Task objective - Pull out each line of the records holding the string "Milenio".
Task material section start
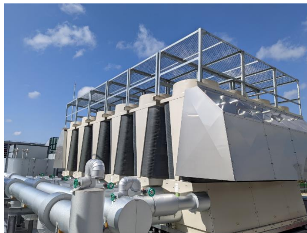
空調設備（ヒートポンプチラー）
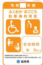
オレンジ色 (妊産婦、けが人)
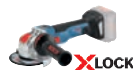
GWX 18 V-10 SC (In L-BOXX 136) cod. 0 601 780 400
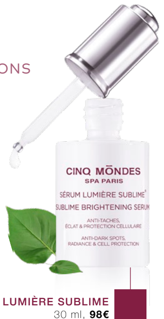
SÉRUMS LUMIÈRE SUBLIME 30 ml, 98€
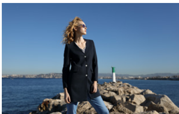
Trench &amp; Coat | hall 4 / C19

Cet espace sera l'occasion de découvrir que le sur mesure est une tendance de fond désormais accessible pour les marques françaises moyen de gamme. Dans une société, où la fast-fashion internationale nous inonde de produits, le sur-mesure français gagne du terrain car les acheteurs sont de plus en plus soucieux de la qualité.
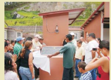
Momentos de la develación de la placa de la Colonia Milenio La Misión.

La Cuenta del Milenio – Honduras a través de su Proyecto de Transporte conecta mercados para la generación de crecimiento económico con responsabilidad social y tiene el apoyo solidario de las autoridades locales de este municipio de Taulabé.
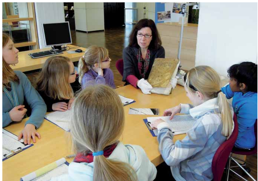
Die Geheimnisse alter Bücher ergründen; Foto: Walter Köhler

bezogenen außerschulischen Lernorte und Partner oder der Zielsetzung eines eher erkundenden, entdeckenden oder stärker forschenden Vorgehens. Selbst für den Geschichtswettbewerb des Bundespräsidenten, der mit seinen Ausschreibungen regelmäßig zur historischen Projektarbeit einlädt, ist diese Spannweite konstitutiv. Als der Wettbewerb vor über 40 Jahren initiiert wurde, schlug die Debatte noch hoch, ob es sich bei entdeckend-forschendem Lernen in Projekten generell um den „Königsweg“ des Lernens handelt oder um schlichten „Größenwahn“ seiner Propagandisten. Projektförmiges, forschendes Lernen polarisierte und geriet in der pädagogischen Debatte zur Projektionsfläche hochfliegender, zuweilen unrealistischer Erwartungen. Mittlerweile lässt sich auf der Basis von mehr als 130.000 Teilnehmerinnen und Teilnehmern und rund 28.000 Projekten beim Geschichtswettbewerb nüchtern bilanzieren: Je nach Lerngruppe, zeitlichem Rahmen und Themenstellung fallen Projekte sehr unterschiedlich aus. Wenn im Kern die Selbstständigkeit des Arbeitens unter Einhaltung methodischer Standards und die Reflexion von Lernziel und Lernweg gegeben sind, ist diese Vielfalt aber eher Stärke als Schwäche und zeigt, dass es darauf ankommt, Projekte auf die jeweils unterschiedlichen
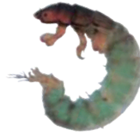
コガタシマトビケラ

頭の先に小さなくぼみがあるのが特徴で、頭と胸は赤茶色をしている。腹は鮮やかなうす緑色から緑がかった茶色、あるいは茶色などいろいろな色をしている。
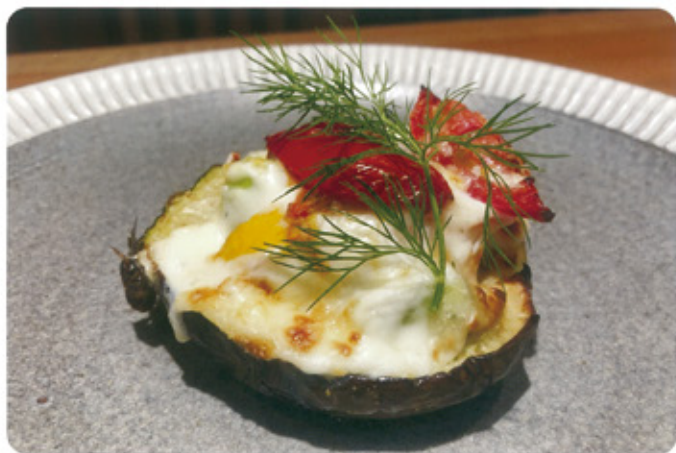
賀茂なすのグラタン
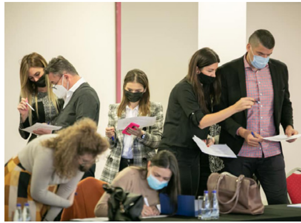
Radionica na temu rodno odgovornog budžetiranja, u organizaciji SCC i Misije OSCE u Crnoj Gori, 19.11.2021.g, Podgorica
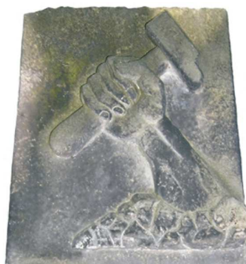
Młot, Warszawa, 1926; fot. A. Trzciński, 2006

MŁOT – zwykle trzymany w dłoni, tylko na nagrobkach członków partii Bund, od XX w.
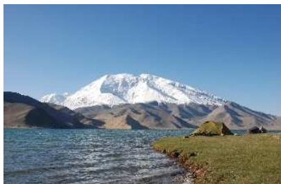
Zeltplatz am Fuße des Muztagh Ata
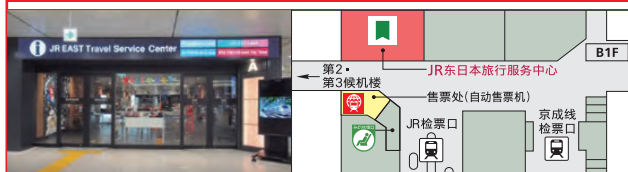
机场第2大楼(成田机场第2·第3候机楼)
Task material section end
Final answer -
Momentos de la develación de la placa de la Colonia Milenio La Misión.
La Cuenta del Milenio – Honduras a través de su Proyecto de Transporte conecta mercados para la generación de crecimiento económico con responsabilidad social y tiene el apoyo solidario de las autoridades locales de este municipio de Taulabé.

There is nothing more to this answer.